# Ariens 824 Movement and Auger Intermittent



## SoDak_Pilot (Nov 18, 2016)

Hello everyone,

First post, so go easy on me.

I'm the new owner of a used Ariens 824, model #932100 Serial #001550
We just had our first snowfall here in Denver, so I was able to test it out in our 2 inch dusting. Within minutes the auger quit spinning. I shut it off, pulled all the snow out, and it worked for a few more minutes. But once again it quit spinning.

To make things more intriguing, the movement both forward and backwards, quits moving once its under pressure. But will intermittently start working again. Both the auger and movement seemed to work better and better the more I used it, but never was great.

This Ariens 824 was bought used, sat for a few years untouched, and shows very little sign of use. I grew up with almost the identical machine and never once experienced a single problem.

Someone please help me out,
Justin


----------



## UNDERTAKER (Dec 30, 2013)

*Did you check the belts????????? ALOHA from the paradise city.:smiley-rpg027::smiley-rpg027::smiley-rpg027::smiley-rpg027::smiley-rpg027::smiley-rpg027:*


----------



## Jackmels (Feb 18, 2013)

Auger not spinning could be a loose belt, -OR- Gearbox Problems. Hold the rakes, and then spin the impeller while keeping some tension on the rakes. If the rakes turn with the impeller, it's not the gearbox. It could also be a bad impeller bearing. Check the impeller shaft for excessive play. A bad bearing can affect the belt's ability to spin the impeller. Or belt may need adjusting. As far as the movement Problem, Tilt the snowblower forward on the auger, and remove the bottom access cover. Check the friction wheel's condition, and it can be adjusted by tightening the drive cable. Loosen the allen screw, and adjust the cable. You can lube the drive plate's spindle bearing, it might be sticky.Also, Degrease the friction wheel and drive plate with brake cleaner. Hopefully, the friction wheel doesn't need replacing. PITA on that model. GL.


----------



## SoDak_Pilot (Nov 18, 2016)

Thanks for the advice. I tightened the tension pulley for the auger and so far it seems to engage firmly. The next snowfall will tell.
As for the movement, it seems the friction wheel has one spot that's down to metal. I'm thinking this is why it quits driving under pressure intermittently. Should I replace only the friction wheel, or does it look like I need to replace the drive plate as well? 

Thanks,
Justin


----------



## Jackmels (Feb 18, 2013)

That Drive Plate isn't too bad, I've seen Much Worse. If you are overly concerned about it, you can sand it using a block to get some of the imperfections out, but I wouldn't worry about it. You'll find it an adventure doing the friction wheel.( Don't use the machine until you replace it!) It takes patience to get the assembly back on the forks while keeping the washers from falling off. GL.


----------



## RIT333 (Feb 6, 2014)

Jackmels said:


> Auger not spinning could be a loose belt, -OR- Gearbox Problems. Hold the rakes, and then spin the impeller while keeping some tension on the rakes. If the rakes turn with the impeller, it's not the gearbox. It could also be a bad impeller bearing. Check the impeller shaft for excessive play. A bad bearing can affect the belt's ability to spin the impeller. Or belt may need adjusting. As far as the movement Problem, Tilt the snowblower forward on the auger, and remove the bottom access cover. Check the friction wheel's condition, and it can be adjusted by tightening the drive cable. Loosen the allen screw, and adjust the cable. You can lube the drive plate's spindle bearing, it might be sticky.Also, Degrease the friction wheel and drive plate with brake cleaner. Hopefully, the friction wheel doesn't need replacing. PITA on that model. GL.

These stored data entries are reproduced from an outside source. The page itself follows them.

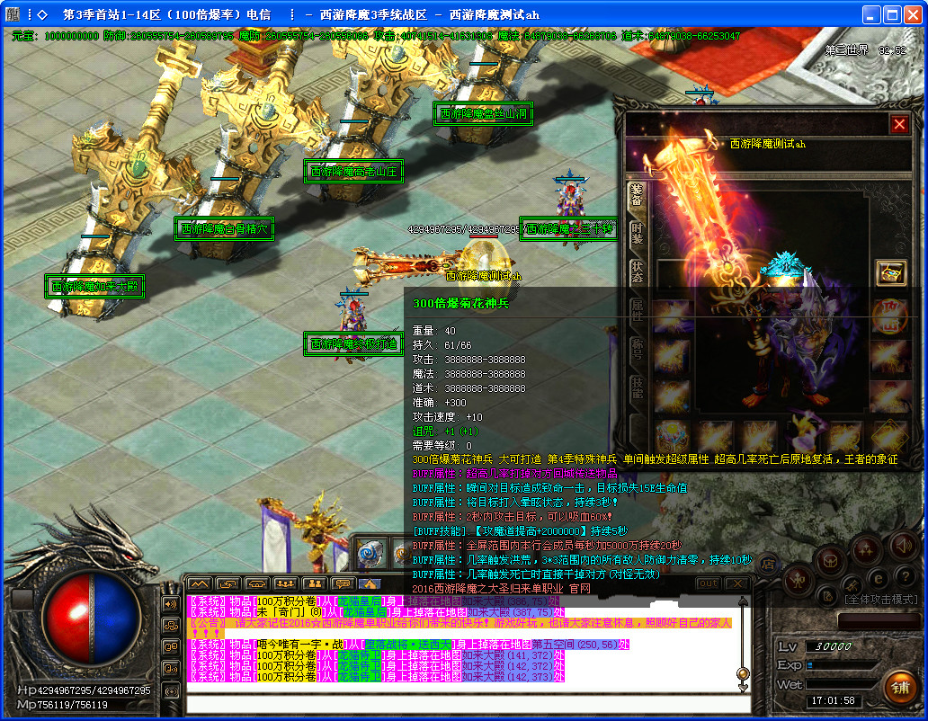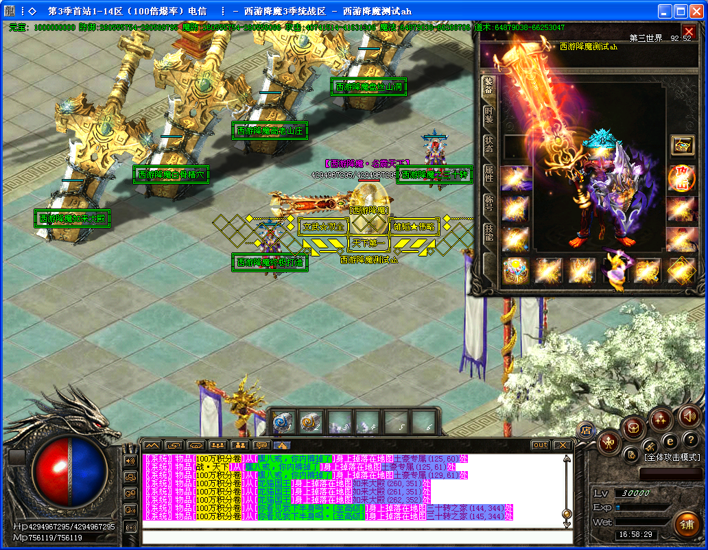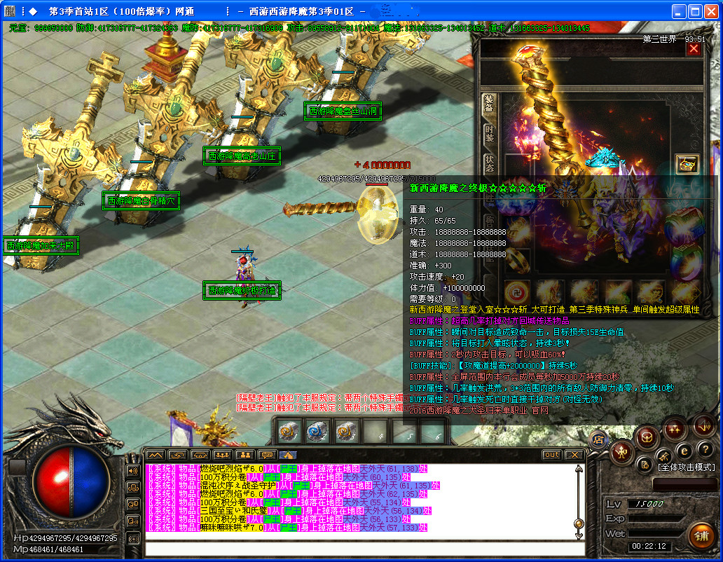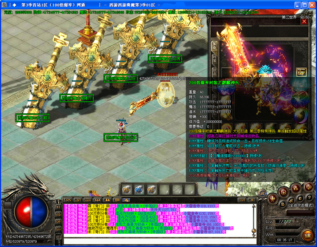 第三步就是提升等级了,上线10000级,顶级30000,满转30转,左下角第三世界里面全部是等级地图,根据自己等级进入,后期有第四战场以及第五空间以及登峰造极这几个地图直接出终极,看你的等级以及转身了,剩下的就是打怪,总之有时间你就有一切!!!
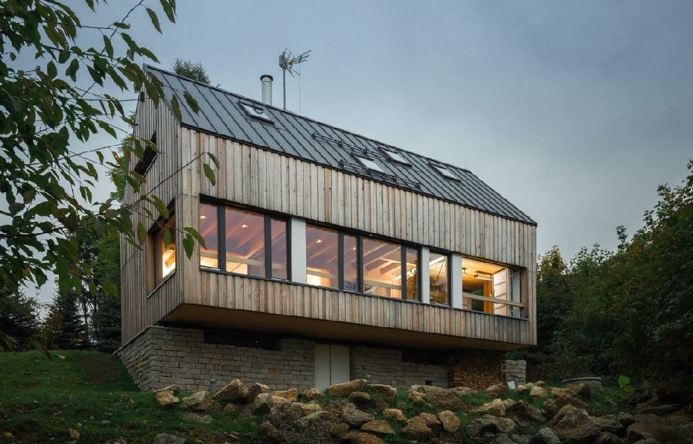 Do hor jsme sice vyrazili koncem září, kdy sychravé počasí bylo na denním pořádku, přesto nás místní podnebí překvapilo svou nehostinností. Když se ale člověk usadil na dlouhé lavici pod okny a sledoval mlhu, která se převalovala přes okolní hřeben, bylo snadné si představit, jak klidně a harmonicky se tu dají trávit dlouhé zimní večery. V objetí všudypřítomného dřeva a v kruhu milované rodiny. Na procházku domem nás tentokrát zve jeho autor, architekt Pavel Horák.
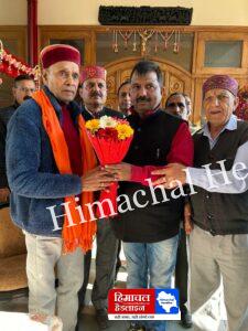 वरिष्ठ भाजपा नेता विजय बहल ने रविवार को अपने समर्थकों सहित पूर्व मुख्यमंत्री प्रेम कुमार धूमल के निबास स्थान समीरपुर मैं पहुंच कर उनसे मुलाकात करके आशीर्वाद लिया बताते चले की विजय बहल को हाल ही में प्रदेश भाजपा हाई कमान द्वारा भाजपा प्रदेश कार्यकारिणी का सदस्य बनाया गया है भाजपा प्रदेश कार्यकारिणी सदस्य बनने के बाद पहली बार बह समीरपुर पहुंचे थे इस दौरान उन्होंने पूर्व मुख्यमंत्री प्रेम कुमार धूमल से शिष्टाचार भेंट करके उनका आभार व्यक्त किया इस दौरान पूर्व मुख्यमंत्री ने उन्हें बधाई एवं शुभकामनाएं देते हुए कहा कि भारतीय जनता पार्टी विश्व की सबसे बड़ी पार्टी है और सौभाग्य की बात है कि हम सब उस पार्टी के कार्यकर्ता हैं भाजपा हाई कमान ने आपको प्रदेश भाजपा का कार्यकारिणी सदस्य बनाया है इसलिए अब आपका दायित्व बनता है कि आप ईमानदारी कर्तव्य निष्ठा के साथ कम करें और आने वाले लोकसभा चुनाव में भाजपा के उम्मीदवार को सुजानपुर विधानसभा क्षेत्र से बंपर मतों से लीड दिलवाएं भाजपा नेता विजय बहल ने कहा कि भारतीय जनता पार्टी ने उनके ऊपर जो विश्वास जताया है इसके लिए वह पूर्व मुख्यमंत्री प्रेम कुमार धूमल केंद्रीय मंत्री अनुराग ठाकुर पार्टी प्रदेश अध्यक्ष राजीव बिन्दल सहित तमाम भाजपा शीर्ष नेतृत्व का धन्यवाद करते हैं उन्हें जो भी जिम्मेदारी दी गई है उसे ईमानदारी के साथ निभाया जाएगा आने वाला लोकसभा चुनाव में हमीरपुर संसदीय क्षेत्र से चुनाव मैदान में उतरने वाले प्रत्याशी वर्तमान में भारत सरकार में मंत्री अनुराग ठाकुर को विगत चुनाव के तर्ज पर इस बार भी बंपर मतों के लीड दिलवाई जाएगी इस मौके पर पूर्व भाजपा मंडल अध्यक्ष वीरेंद्र ठाकुर जिला भाजपा सचिव विनोद ठाकुर महामंत्री अनिल कौशल पूर्व महामंत्री व ज़िला सचिव पवन शामा किसान मोर्चा जिला अध्यक्ष अनिल काकू जिला भाजपा महिला मोर्चा अध्यक्ष अर्चना चौहान सहित सैकड़ो कार्यकर्ता मौजूद रहे।
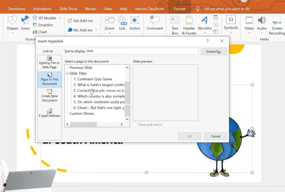 - Choose “Place in This Document” and select your first question slide
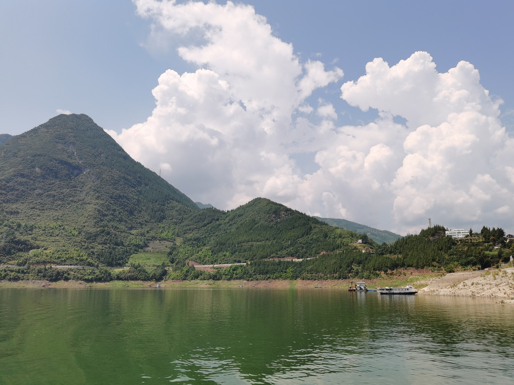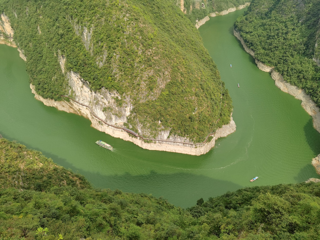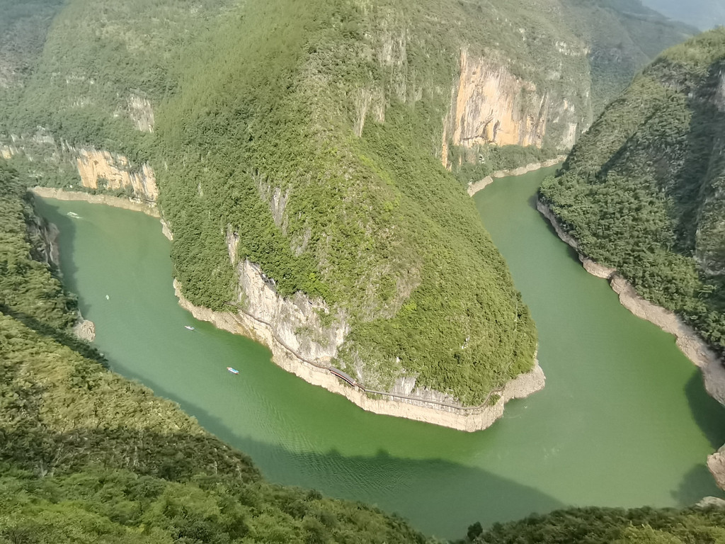 鱼头湾是个免费景点,离巫山市区四十分钟车程。可直接导航过去,看到个鱼头湾农家乐,再向前开两三百米,停车沿右边小路走,到山脚有很好的栈道,二十分钟到观景台,绝对有眼前一亮的感觉,船划过碧绿的水面,拖出长长的尾巴,绝了。

Jack it may be obvious to a seasoned veteran like yourself, but I would include the warning with your procedure for any newbies. When doing the above, the snowblower should NOT be running, and you should also disconnect the spark plug wire so that it doesn't start unintentionally. Hate to have people changing their sign-ons in this forum to "Lefty".


----------



## Jackmels (Feb 18, 2013)

Well You can include Warnings in Your Own Posts. Just because the guy is a newbie, doesn't mean he is an idiot.


----------



## Ferret (Oct 4, 2016)

Jackmels said:


> That Drive Plate isn't too bad, I've seen Much Worse. If you are overly concerned about it, you can sand it using a block to get some of the imperfections out, but I wouldn't worry about it. You'll find it an adventure doing the friction wheel.( Don't use the machine until you replace it!) It takes patience to get the assembly back on the forks while keeping the washers from falling off. GL.


Amen!


----------